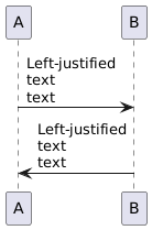 @startuml A -> B: Left-justified\ntext\ntext A <- B: Left-justified\ntext\ntext @enduml
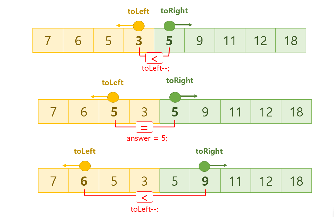 3가지 조건문을 if-else로 구현하여, toLeft와 toRight가 전체 배열 범위를 벗어나기 전까지 계속 진행한다. 이렇게 하면, 총 전체 포인터의 연산횟수(배열탐색횟수) 는 배열의 길이와 같아서 O(n)의 탐색시간만 소요된다(왼쪽으로 4칸, 오른쪽으로 5칸 = 전체 배열길이 9칸). 따라서 매번 새로 연산하면서 진행하는 것보다 훨씬 빠른 속도를 낼 수 있고, 효율성 테스트를 통과할 수 있게 된다.
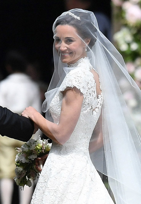 Свадьба 33-летней Пиппы Миддлтон (Philippa Charlotte «Pippa» Middleton) и 41-летнего Джеймса Мэттьюза прошла в церкви святого Марка ХІІ века. Сестра герцогини Кэмбриджской появилась перед гостями в роскошном белоснежном платье, украшенном кружевами и с небольшим вырезом на спине, в нежной тиаре и длинной фате. Дизайнером свадебного наряда стал Giles Deacon, чье имя почти до последнего дня держалось в секрете.
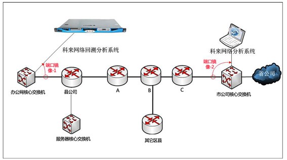將科來(lái)網(wǎng)絡(luò)回溯分析系統(tǒng)旁路接入到縣公司信息內(nèi)網(wǎng)的核心交換機(jī)上,由于故障發(fā)生的間歇性需要對(duì)縣公司到市公司的主干出口流量做長(zhǎng)時(shí)間捕獲。并利用科來(lái)網(wǎng)絡(luò)分析系統(tǒng)不間斷的捕獲市公司核心交換機(jī)與C路由器的下行接口流量。利用對(duì)比分析法,在故障發(fā)生時(shí)段,分別對(duì)兩處捕獲到的流量做精確分析。
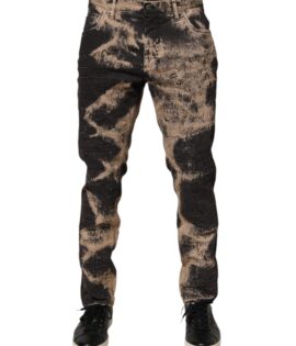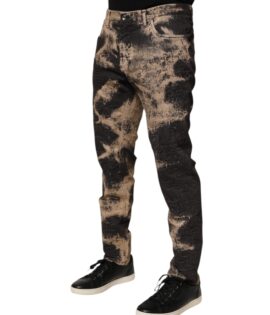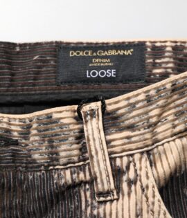 Dolce & Gabbana Beige Black Corduroy Tie-Dye Cotton Blend Pants
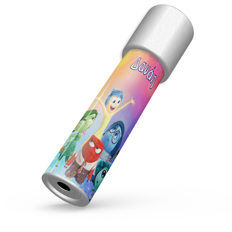 Καλειδοσκόπιο με θέμα Inside Out, που το περιστρέφεις και αποκαλύπτονται αμέτρητα σχέδια! Ιδανικό για δώρο στους μικρούς καλεσμένους του πάρτυ, που θα τους μαγνητίσει και θα τους οδηγήσει σε ένα ατελείωτο παιχνίδι με τις αντανακλάσεις του φωτός.
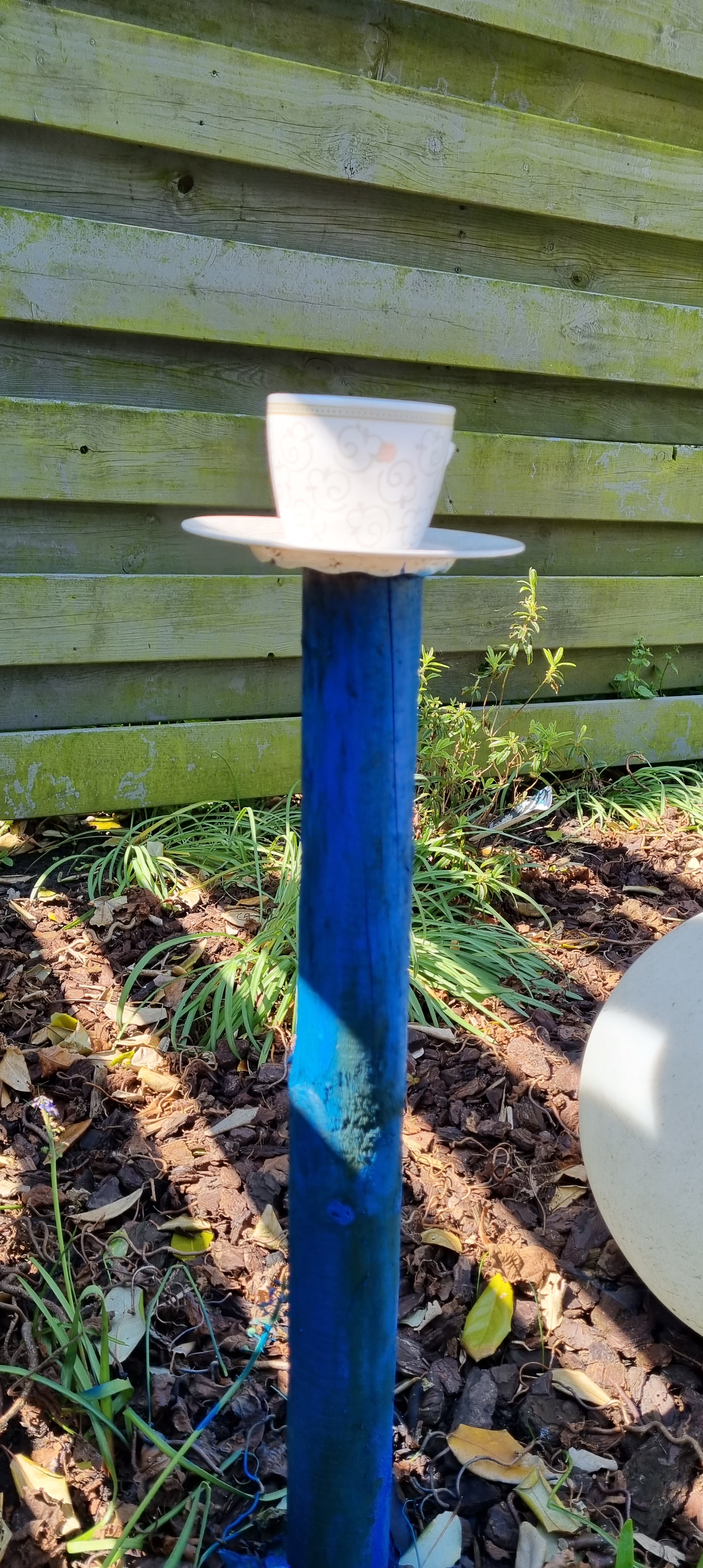 Terwijl ik hierover napraatte met mijn soulmate, kreeg ik een idee. Het liefst zou ik vele bomen in de wijde omtrek blauw verven. Heb het anders bedacht en inmiddels uitgevoerd. Vier paaltjes staan in mijn tuin, met daarop kop en schotels. Deze paaltjes heb ik blauw geverfd. Een iets andere kleur blauw, de symboliek vind ik belangrijker. De foto’s heb ik ook naar mijn soulmate gestuurd. En in gesprek met haar, was zij onder de indruk. You did it!!!!
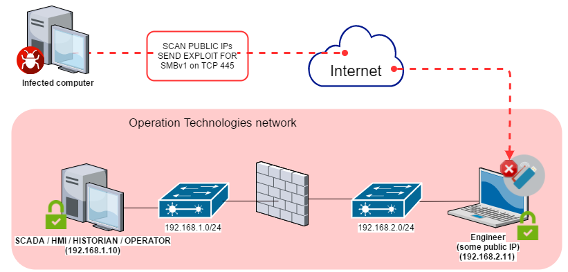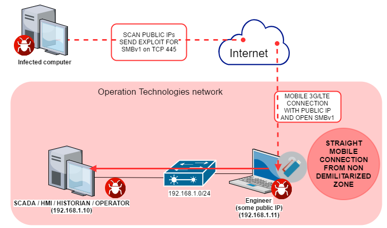 The diagram below provides an example of an attack against computers on the industrial network by WannaCry malware using an Internet connection that bypasses the network perimeter.
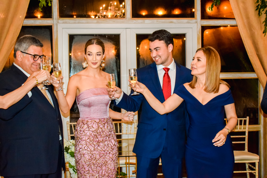 Tras el protocolo, padres y enamorados han presidido el brindis, donde Rebe & Tino, han recibido elogios y congratulaciones por su amor y decisión de ser esposos.
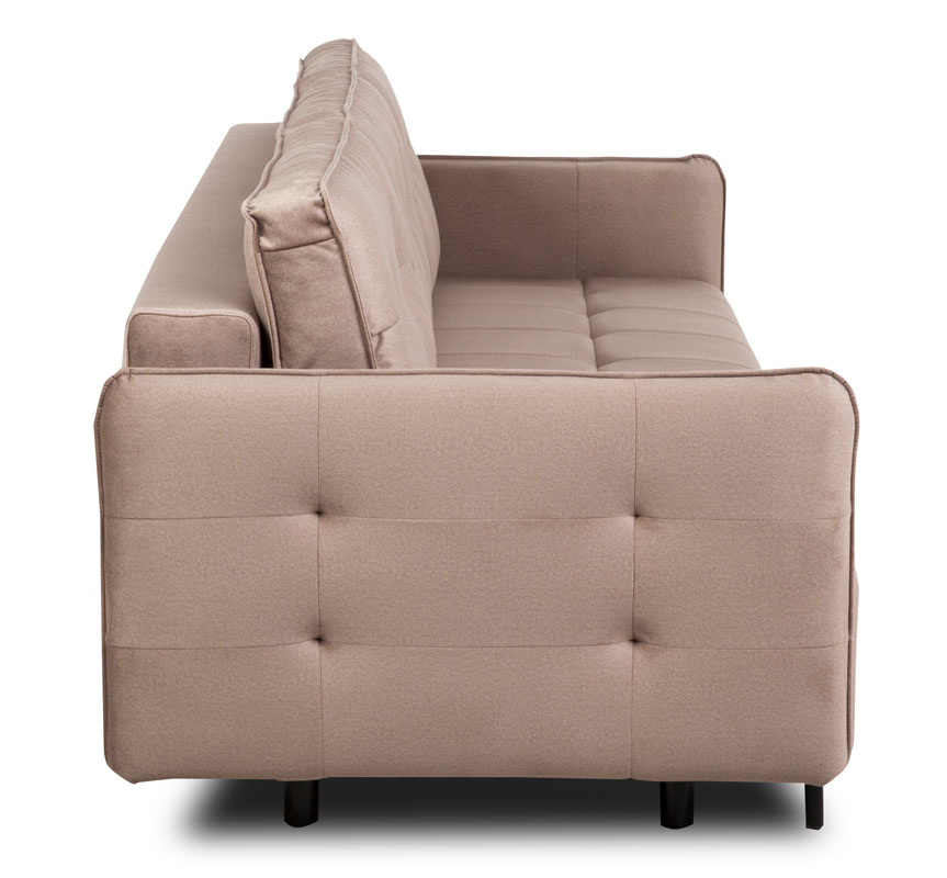 Sofa wykonana jest w tkaninie Element w kolorze beżowym. Element to welurowa tkanina, miła i przyjemna w dotyku, charakteryzująca się jednolitą strukturą oraz dużą wytrzymałością. Wyprodukowana w technologii Water Blocked, tkanina ogranicza wchłanianie rozlanych płynów, co sprawia, że utrzymanie jej w czystości staje się łatwe.
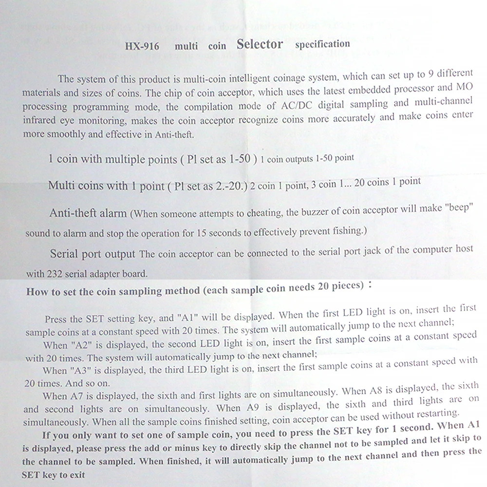 El sistema de este producto es un sistema de monedas inteligente con varias monedas, que puede configurar hasta 9 materiales y tamaños diferentes de monedas.¡El chip del aceptador de monedas, que utiliza el último procesador integrado y el modo de programación de procesamiento MO, el modo de compilación de muestreo digital AC/DC y multicanal!¡El monitoreo ocular por infrarrojos hace que el aceptador de monedas reconozca las monedas con mayor precisión y cree las monedas!Más suave y eficaz en antirrobo.
########
_WHAT YOU ARE ASKED TO DO:_ Pictures excluded, repeat exactly the lines from the top of the material through the line with "Tras el protocolo, padres", including both of those lines.

_REPLY:_
 @startuml A -> B: Left-justified\ntext\ntext A <- B: Left-justified\ntext\ntext @enduml
 3가지 조건문을 if-else로 구현하여, toLeft와 toRight가 전체 배열 범위를 벗어나기 전까지 계속 진행한다. 이렇게 하면, 총 전체 포인터의 연산횟수(배열탐색횟수) 는 배열의 길이와 같아서 O(n)의 탐색시간만 소요된다(왼쪽으로 4칸, 오른쪽으로 5칸 = 전체 배열길이 9칸). 따라서 매번 새로 연산하면서 진행하는 것보다 훨씬 빠른 속도를 낼 수 있고, 효율성 테스트를 통과할 수 있게 된다.
 Свадьба 33-летней Пиппы Миддлтон (Philippa Charlotte «Pippa» Middleton) и 41-летнего Джеймса Мэттьюза прошла в церкви святого Марка ХІІ века. Сестра герцогини Кэмбриджской появилась перед гостями в роскошном белоснежном платье, украшенном кружевами и с небольшим вырезом на спине, в нежной тиаре и длинной фате. Дизайнером свадебного наряда стал Giles Deacon, чье имя почти до последнего дня держалось в секрете.
將科來(lái)網(wǎng)絡(luò)回溯分析系統(tǒng)旁路接入到縣公司信息內(nèi)網(wǎng)的核心交換機(jī)上,由于故障發(fā)生的間歇性需要對(duì)縣公司到市公司的主干出口流量做長(zhǎng)時(shí)間捕獲。并利用科來(lái)網(wǎng)絡(luò)分析系統(tǒng)不間斷的捕獲市公司核心交換機(jī)與C路由器的下行接口流量。利用對(duì)比分析法,在故障發(fā)生時(shí)段,分別對(duì)兩處捕獲到的流量做精確分析。
 Dolce & Gabbana Beige Black Corduroy Tie-Dye Cotton Blend Pants
 Καλειδοσκόπιο με θέμα Inside Out, που το περιστρέφεις και αποκαλύπτονται αμέτρητα σχέδια! Ιδανικό για δώρο στους μικρούς καλεσμένους του πάρτυ, που θα τους μαγνητίσει και θα τους οδηγήσει σε ένα ατελείωτο παιχνίδι με τις αντανακλάσεις του φωτός.
 Terwijl ik hierover napraatte met mijn soulmate, kreeg ik een idee. Het liefst zou ik vele bomen in de wijde omtrek blauw verven. Heb het anders bedacht en inmiddels uitgevoerd. Vier paaltjes staan in mijn tuin, met daarop kop en schotels. Deze paaltjes heb ik blauw geverfd. Een iets andere kleur blauw, de symboliek vind ik belangrijker. De foto’s heb ik ook naar mijn soulmate gestuurd. En in gesprek met haar, was zij onder de indruk. You did it!!!!
 The diagram below provides an example of an attack against computers on the industrial network by WannaCry malware using an Internet connection that bypasses the network perimeter.
 Tras el protocolo, padres y enamorados han presidido el brindis, donde Rebe & Tino, han recibido elogios y congratulaciones por su amor y decisión de ser esposos.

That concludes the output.